Houston decided this year to use [standardized test] data to identify experienced teachers for dismissal
And then there's the metaphysics of time expressed with the concern "Credit Hours Should Be Worth the Cost, House Panel Members Say" in The Chronicle.
The standard of a credit hour, which is not actually a full 60 minutes in most cases, is deeply embedded in higher education as a benchmark for earning a degree. But the definition of what constitutes a credit hour has become muddled in recent years with the increase in online education.
Or an example from The People Republic of China, courtesy of  Yong Zhao at Michigan State, where standardized tests have very high stakes:
[The test] puts tremendous pressure on students, resulting in significant psychological and emotional stress. Imagine yourself as a 6th grader from poor rural village—how well you do one exam could mean bankrupt your family or lift your family out of poverty, give your parents a job in the city, and the promise of going to a great college.

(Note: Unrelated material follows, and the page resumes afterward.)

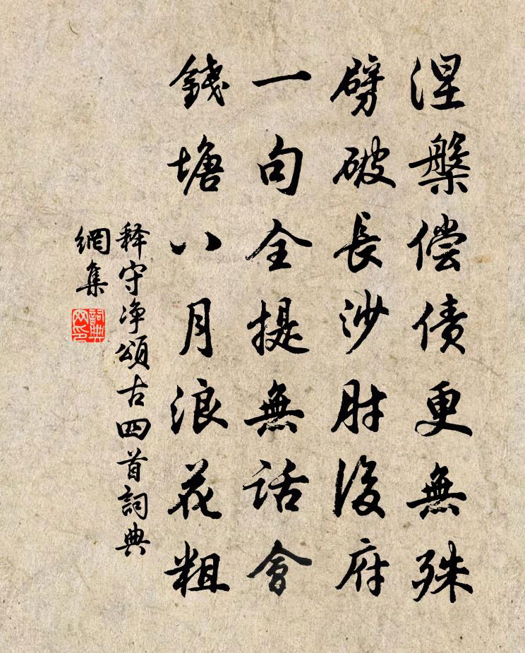 詩詞名句歷史字典書法欣賞書法字典國語詞典說文解字康熙字典古漢語字典標 題 作 者 詩 句 頌古四首作者:釋守淨 朝代:宋代頌古四首原文涅槃償債更無殊,劈破長沙肘後府。一句全提無話會,錢塘八月浪花粗。詩詞問答問:頌古四首的作者是誰?答:釋守淨問:頌古四首寫於哪個朝代?答:宋代釋守淨頌古四首書法欣賞頌古四首書法作品詩詞推薦相和歌辭。宮怨長孫佐輔〔唐代〕窗前好樹名玫瑰,去年花落今年開。無情春色尚識返,君心忽斷何時來。憶昔妝成候仙仗,宮瑣玲瓏日新上。拊心梨山廟朱繼芳〔宋代〕無處著詩名,梨山萬古青。人間留此像,天上作何星。祝史祠神醉,騷人謁夢醒。當時青紫楦,曾有許精靈。武佚名〔先秦〕於皇武王!無競維烈。允文文王,克開厥後。嗣武受之,勝殷遏劉,耆定爾功。次酬五羊李子先見寄劉黻〔宋代〕山深萬木寂,一片古心枯。昨夜梅花月,相期道不孤。贈相士蜀張二詩陳造〔宋代〕博古亦多藝,相形仍論心。司南輔名教,左契指升沈。好語空千紙,行橐未一簪。鄉關劍閣外,雁足謾歸音。唱和盈軸而燕集未期小詩請廣文兄為遨頭黃公度〔宋代〕煩君管領東君手,收拾風光尊俎中。與作遨頭共春燕,何須擁鼻學秋蟲。誰憐老子興不淺,自笑窮人詩轉工。趁取樂章五曲李復〔宋代〕鼓急兮收舞影,火銷兮膏燼冷。鄉人出門女巫醉,日下西山起陰暝。荇葉光,青幡長。壇前旗影動迴風,飛電忽轉謝襄陽陶宰惠靖節先生編年大本陳造〔宋代〕陶翁清節人可追,陶詩妙處吾所師。百篇昭昭揭日月,行雲流水無定姿。顛倒後前昧甲子,可忍白璧猶小疵。三家贈傳法光梵二大卿兼述譯場之盛宋庠〔宋代〕梵劫扶皇曆,高才會聖門。五天真釋種,三國舊王孫。譯詁生知慧。卿聯萬戶恩。齋熏光漢邸,結集盛秦園。交照用韻詠雪簡湘中諸友陳傅良〔宋代〕夾湘而住一塵無,不在瑤池在石渠。氣蓋松篁誰與競,今行螟蟘自相屠。山光際水天無間,夜色通朝月不如。中有次韻梅山弟感時四首陳著〔宋代〕世事滔滔趁夕暉,仰天咄咄付非非。乾坤誰解中撐拄,江海方聽此指揮。風舞南人新萬戶,灰颺西嶺舊三歸。只應月夜泛舟法振〔唐代〕西塞長雲盡,南湖片月斜。漾舟人不見,臥入武陵花。琴曲歌辭霹靂引沉佺期〔唐代〕歲七月,火伏而金生。客有鼓瑟於門者,奏霹靂之商聲。始戛羽以騞砉,終扣宮而砰鈴。電耀耀兮龍躍,雷闐闐兮登會稽蓬萊閣讀唐宋士大夫詩曾豐〔宋代〕盤盤矯矯臥龍峰,傑閣崢嶸龍腹中。柱腳下懸危踏軟,檐牙高豁巧銜空。江山互以青相繞,雲霧時翻黑自蒙。物態梅開五言一首劉克莊〔宋代〕陶翁書甲子,楚客紀庚寅。村叟無檯曆,梅開認小春。偈釋方會〔宋代〕薄福住楊歧,年來氣力衰。寒風凋敗葉,猶喜故人歸。囉囉哩,拈上死柴頭,且向無煙火。再用元韻二首王炎〔宋代〕倦遊莫忘大刀頭,老去行藏要熟謀。少病若能如萬福,上書安用學千秋。碧雲合處來何緩,黃鶴飛時挽不留。後夜舞曲歌辭。吳俞兒舞歌。弩俞陸龜蒙〔唐代〕牛來開弦,人為置鏃。捩機關,迸山谷。鹿駭澀,隼擊遲。析毫中睫,洞腋分龜。達堅壘,殘雄師,可以冠猛樂壯以宋香方紅送聽蛙翁答柬雲兩年來啖荔顆則動劉克莊〔宋代〕奩封名品餉耆年,誼比□芹曝背然。帖報能生採薪疾,譜言曾有荔枝仙。朵頤笑我脾神餒,節腹知君氣□全。來歲同諸公送李雲南伐蠻儲光羲〔唐代〕昆明封濱滇池,封蠢爾敢逆封常。天星耀鈇鑕,吊彼西南方。冢宰統元戎,太守齒軍行。囊括千萬里,矢謨在廟堂名句推薦流水便隨春遠,行雲終與誰同。晏幾道《臨江仙·鬥草階前初見》 對酒當歌,人生幾何!曹操《短歌行》 十月江南天氣好,可憐冬景似春華。白居易《早冬》 大兒鋤豆溪東,中兒正織雞籠。辛棄疾《清平樂·村居》 年年春日異鄉悲,杜曲黃鶯可得知。韋莊《江外思鄉》 鑒前世之興衰,考當今之得失司馬光《資治通鑑·後周紀五》 春來遍是桃花水,不辨仙源何處尋。王維《桃源行》 致虛極;守靜篤。老子《老子·道經·第十六章》 九萬里風鵬正舉。李清照《漁家傲·天接雲濤連曉霧》 棠梨花映白楊樹,儘是死生別離處。白居易《寒食野望吟》

About the tests themselves:
[T]he selection criterion is only test scores in a number of limited subjects (Chinese, Math, and English in most cases). Nothing else counts. As a result, all students are driven to study for the tests. As I have written elsewhere, particularly in my book Catching Up or Leading the Way, such a test-driven education system has become China’s biggest obstacle to its dream of moving away from cheap-labor-based economy to an economy fueled by innovation and creativity. The government has been struggling, through many rounds of reforms, to move away from testing and test scores, but it has achieved very little because the test scores have been accepted as the gold standard of objectivity and fairness for assessing quality of education and students (as much as everyone hates it).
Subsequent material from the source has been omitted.